Within 18 months to two years, the U.S. could be relatively certain of being able to destroy at least 30 percent of inbound attackers regardless of weather and at any time of the day. In two to three years, 40 to 50 percent destruction might become feasible, and within three to four years, full air defense could theoretically be achieved. The latter depended primarily on two things, first, the development of the Nike guided missile, presently being tested, which had achieved 100 percent destruction of B-17s flying at maximum speed at 35,000 feet, and, second, having in place the radar warning equipment, several types of guided missiles and all-weather fighter interceptors in considerable numbers. All of those components of the system had to be in place for total defense, and before that could be done production of the guided missiles had to take place, plus a considerable training period for the personnel who would operate the equipment.

The capital cost of such total defense utilizing just one of the guided missiles was estimated presently at seven million dollars. A single new plant for the Atomic Energy Commission could cost up to two billion dollars. There was no doubt of the wisdom of spending four billion dollars per year or even twice that amount for an air defense which would adequately protect the people and industry of the country. But those in positions of leadership in the Congress had to face that fact and be willing to act on it or they would be blamed when the danger finally arose without proper preparedness.

Robert C. Ruark, in Houston, finds that there had been an outbreak of morality in the nation, as exemplified by the presence of the Reverend Billy Graham in Houston. He characterized Rev. Graham as a "disciple of the exhorting school of sin-chasing" and tells of his having begun his month-long crusade in Houston to drive out the devils, receiving front-page coverage and a special series of articles in a leading newspaper in the city.

He was the hottest thing as an evangelist since Billy Sunday, as 9,000 people had come to see him recently at his premiere, which Mr. Ruark finds to have been "more suitable to cold beer and a rocking chair on the front porch".

A headline story had indicated that Rev. Graham was going to film a movie on the emergence of right over wrong, everything clearly defined with no gray areas.

He ventures that at no time since the days of Sankey-Moody, 50 years earlier, had anything approaching this phenomenon occurred in the nation. He had been to a Billy Sunday sermon 30 years earlier and found him a "pure piker" alongside "Rev. Will".

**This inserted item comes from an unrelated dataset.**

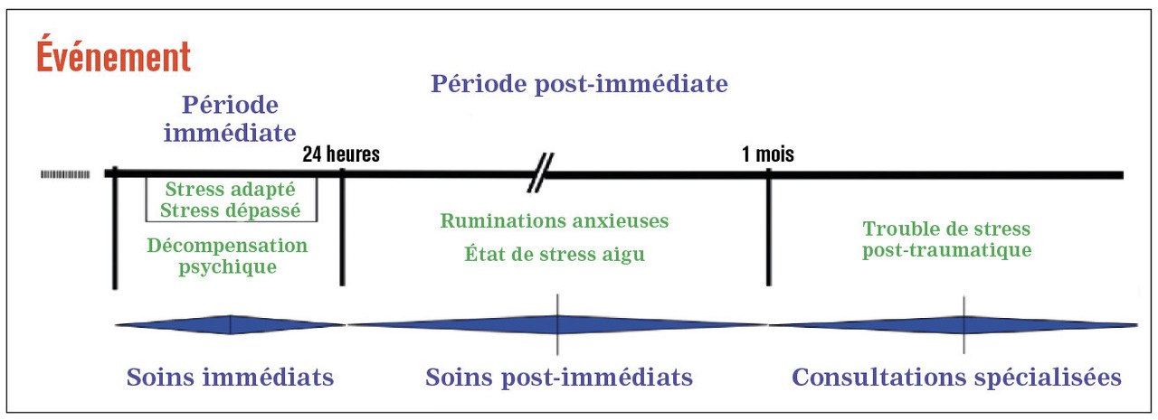 La présence de symptômes post-traumatiques spécifiques durant le premier mois est définie par le diagnostic d’état de stress aigu dans les classifications. Mais cette distinction théorique n’est-elle pas déjà la première phase d’un syndrome unique qui peut évoluer vers un trouble de stress post-traumatique ? Classiquement, un état de stress aigu implique de fait une orientation vers une prise en charge spécialisée.Les recommandations internationales préconisent en première intention une prise en charge psychologique spécifique et ciblée sur l’événement (

Rev. Graham discouraged shouted responses from the audience as he spoke. He was still nervous before he took the stage and exhausted himself in his effort to damn the wicked. The fact that he was popular in both the hinterlands and in the sophisticated cities suggested a trend across the country, the assumption that the society had strayed too far from the copy-book and that "cool and limpid reason" might have been partially responsible for the mess the country was in.

The Saturday Evening Post recently had presented a provocative cover, showing the progress of parental control of children from the hairbrush penalty for transgression to the modern logic of reasoning with the child. He suggests that the popularity of Rev. Graham echoed this sentiment of the need for return to the hairbrush and the hair shirt. It told him that the people were hungry for something which they were not getting from their leaders and that their emotionalism was headed toward the old conception of right.

"Mr. Graham is stamping out sin, with both feet and a fuller business than 'South Pacific'."

But was he better than a Fuller Brush salesman?